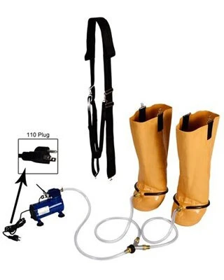 Whirlpool Boots from Jack’s Manufacturing Inc. use hydrotherapy to help reduce swelling and aide in recovery after injury. An industrial compressor aerates the water to provide a massaging effect for the lower legs and hooves. These boots are handmade with soft yet durable vinyl and can be adjusted with different water depths and temperatures to suit your horse’s individual needs. Whirlpool Boots have a quiet motor to help reduce stress in nervous horses.
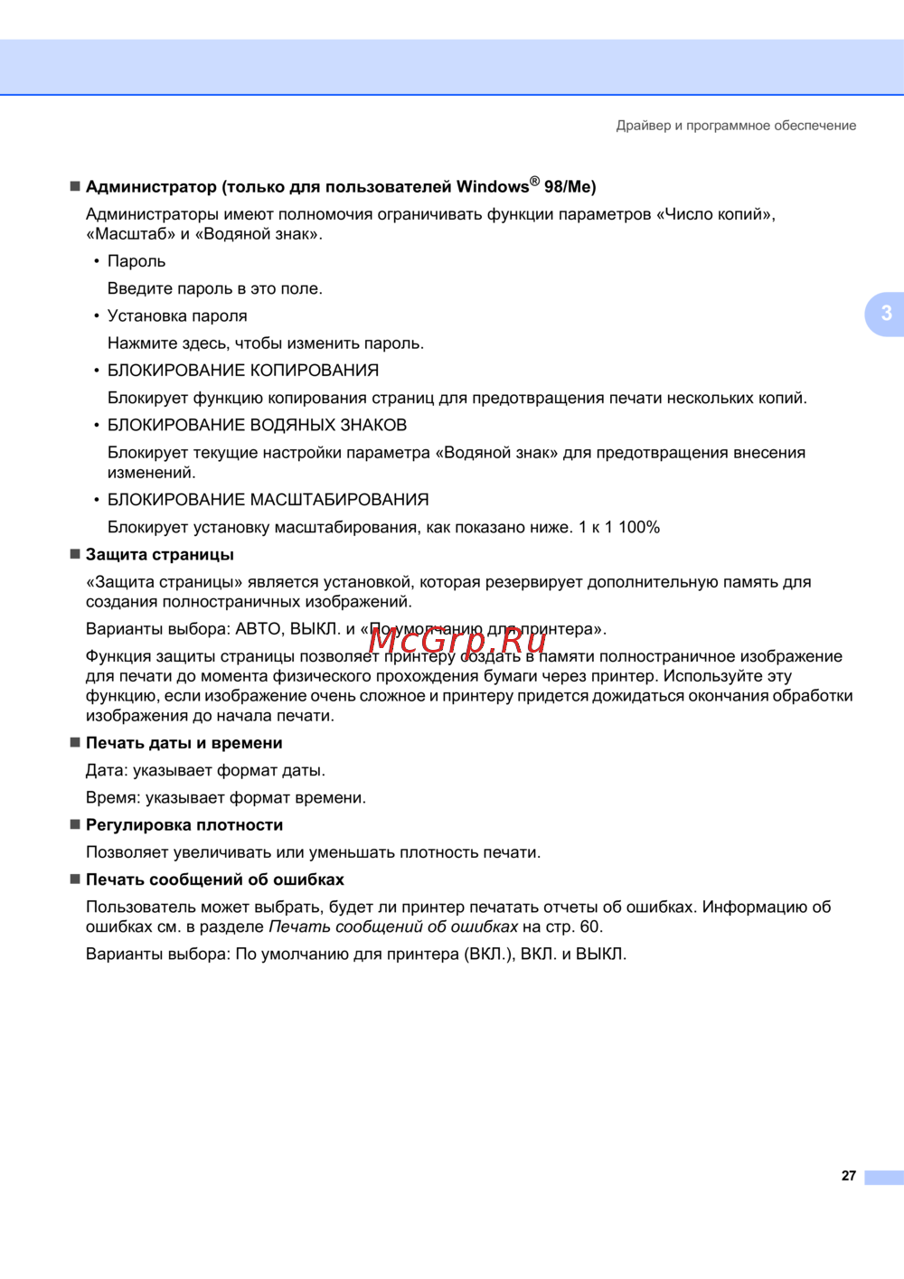 Brother HL-2035R — управление настройками принтера: защита страниц, ограничение копирования и ПО [34/94]
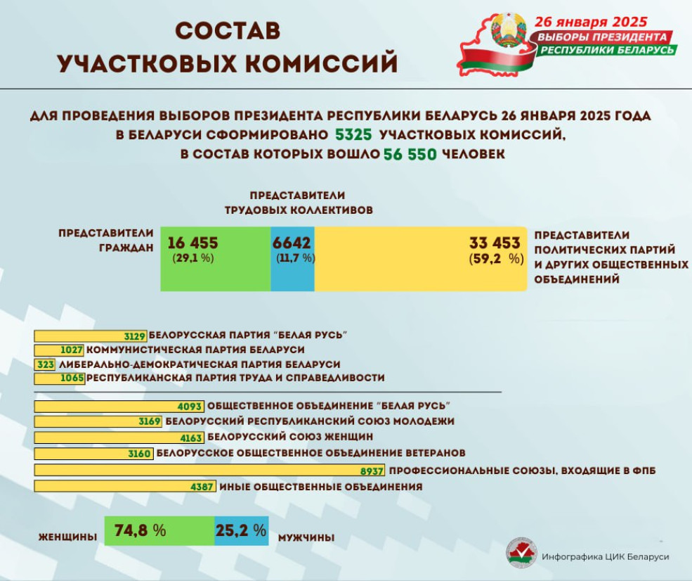 В состав 5325 участковых комиссий вошло 56550 человек. Большинство из них (59,2 %) – представители политических партий и других общественных объединений.

> [WHAT TO WORK ON]:
Please output the listing above in full, exactly as given, without its images.

> [WRITTEN SOLUTION]:
 Whirlpool Boots from Jack’s Manufacturing Inc. use hydrotherapy to help reduce swelling and aide in recovery after injury. An industrial compressor aerates the water to provide a massaging effect for the lower legs and hooves. These boots are handmade with soft yet durable vinyl and can be adjusted with different water depths and temperatures to suit your horse’s individual needs. Whirlpool Boots have a quiet motor to help reduce stress in nervous horses.
 Brother HL-2035R — управление настройками принтера: защита страниц, ограничение копирования и ПО [34/94]
 В состав 5325 участковых комиссий вошло 56550 человек. Большинство из них (59,2 %) – представители политических партий и других общественных объединений.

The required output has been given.